A TcrMetric that measures the Levenshtein distance between the beta chain CDR1, CDR2, and CDR3 sequences.

Parameters:
  • insertion_weight (int) – An integer multiplier for insertions Defaults to 1.

  • deletion_weight (int) – An integer multiplier for deletions Defaults to 1.

  • substitution_weight (int) – An integer multiplier for substitutions Defaults to 1.

  • cdr1_weight (int) – An integer multiplier for edits on the CDR1. Defaults to 1.

  • cdr2_weight (int) – An integer multiplier for edits on the CDR2. Defaults to 1.

  • cdr3_weight (int) – An integer multiplier for edits on the CDR3. Defaults to 1.

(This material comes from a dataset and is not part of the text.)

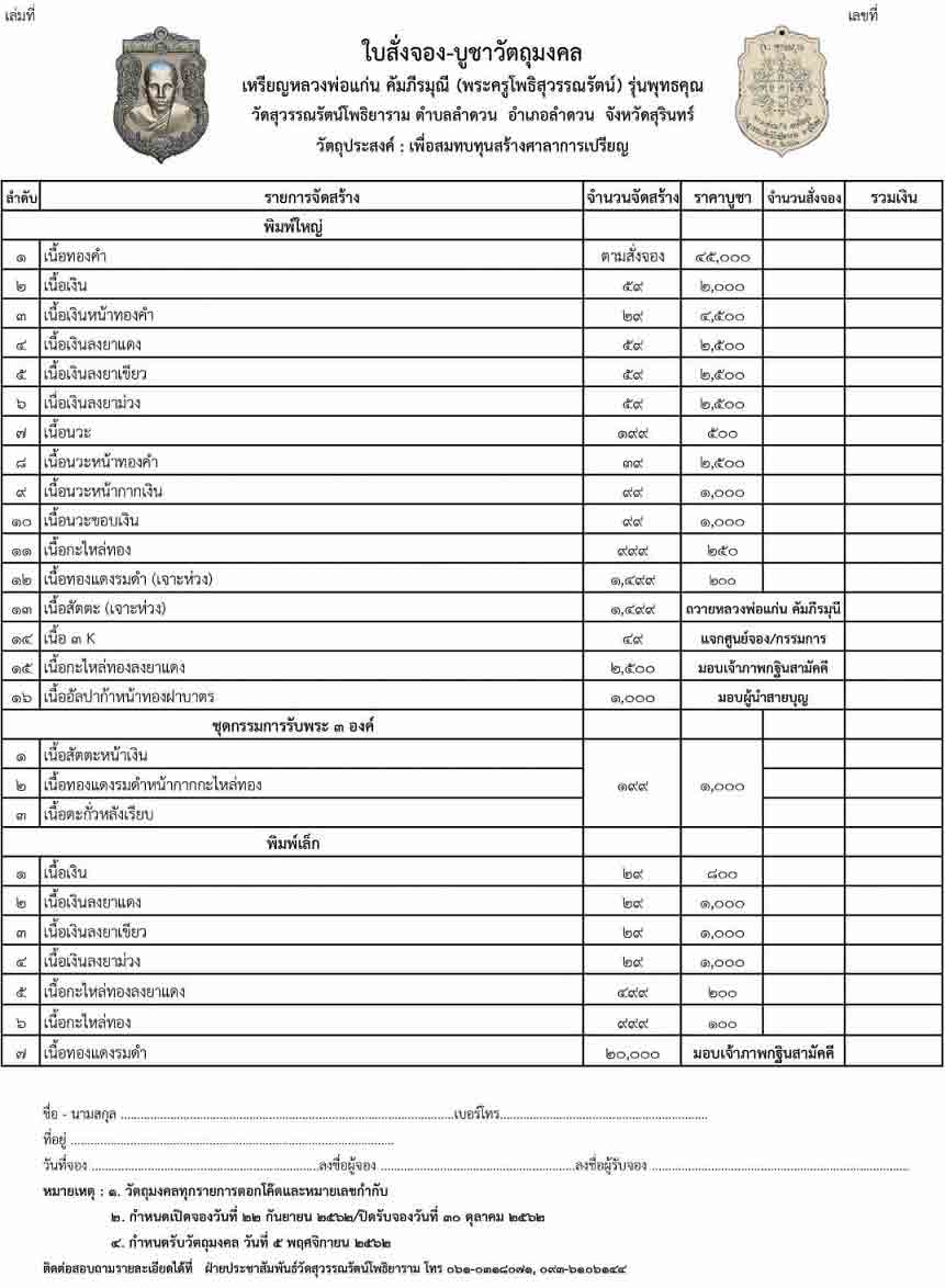 ศูนย์จองวัตถุมงคล "รุ่นพุทธคุณ"

class pyrepseq.metric.tcr_metric.CdrLevenshtein(insertion_weight: int = 1, deletion_weight: int = 1, substitution_weight: int = 1, alpha_weight: int = 1, beta_weight: int = 1, cdr1_weight: int = 1, cdr2_weight: int = 1, cdr3_weight: int = 1)[source]

A TcrMetric that measures the Levenshtein distance between the alpha and beta chain CDR1, CDR2, and CDR3 sequences.

Parameters:
  • insertion_weight (int) – An integer multiplier for insertions Defaults to 1.

  • deletion_weight (int) – An integer multiplier for deletions Defaults to 1.

  • substitution_weight (int) – An integer multiplier for substitutions Defaults to 1.

  • cdr1_weight (int) – An integer multiplier for edits on the CDR1. Defaults to 1.

  • cdr2_weight (int) – An integer multiplier for edits on the CDR2. Defaults to 1.

  • cdr3_weight (int) – An integer multiplier for edits on the CDR3. Defaults to 1.

  • alpha_weight (int) – An integer multiplier for edits on the alpha chain. Defaults to 1.

  • beta_weight (int) – An integer multiplier for edits on the beta chain. Defaults to 1.

class pyrepseq.metric.tcr_metric.AlphaCdr3Tcrdist[source]

TcrDist applied to the alpha chain CDR3 sequences.

[Requires optional tcrdist dependency.]

class pyrepseq.metric.tcr_metric.BetaCdr3Tcrdist[source]

TcrDist applied to the beta chain CDR3 sequences.

[Requires optional tcrdist dependency.]

class pyrepseq.metric.tcr_metric.Cdr3Tcrdist[source]

TcrDist applied to the alpha and beta chain CDR3 sequences.

[Requires optional tcrdist dependency.]

class pyrepseq.metric.tcr_metric.AlphaTcrdist[source]

TcrDist applied to the alpha chain.

[Requires optional tcrdist dependency.]

class pyrepseq.metric.tcr_metric.BetaTcrdist[source]

TcrDist applied to the beta chain.

[Requires optional tcrdist dependency.]

class pyrepseq.metric.tcr_metric.Tcrdist[source]

TcrDist applied to the alpha and beta chain.

[Requires optional tcrdist dependency.]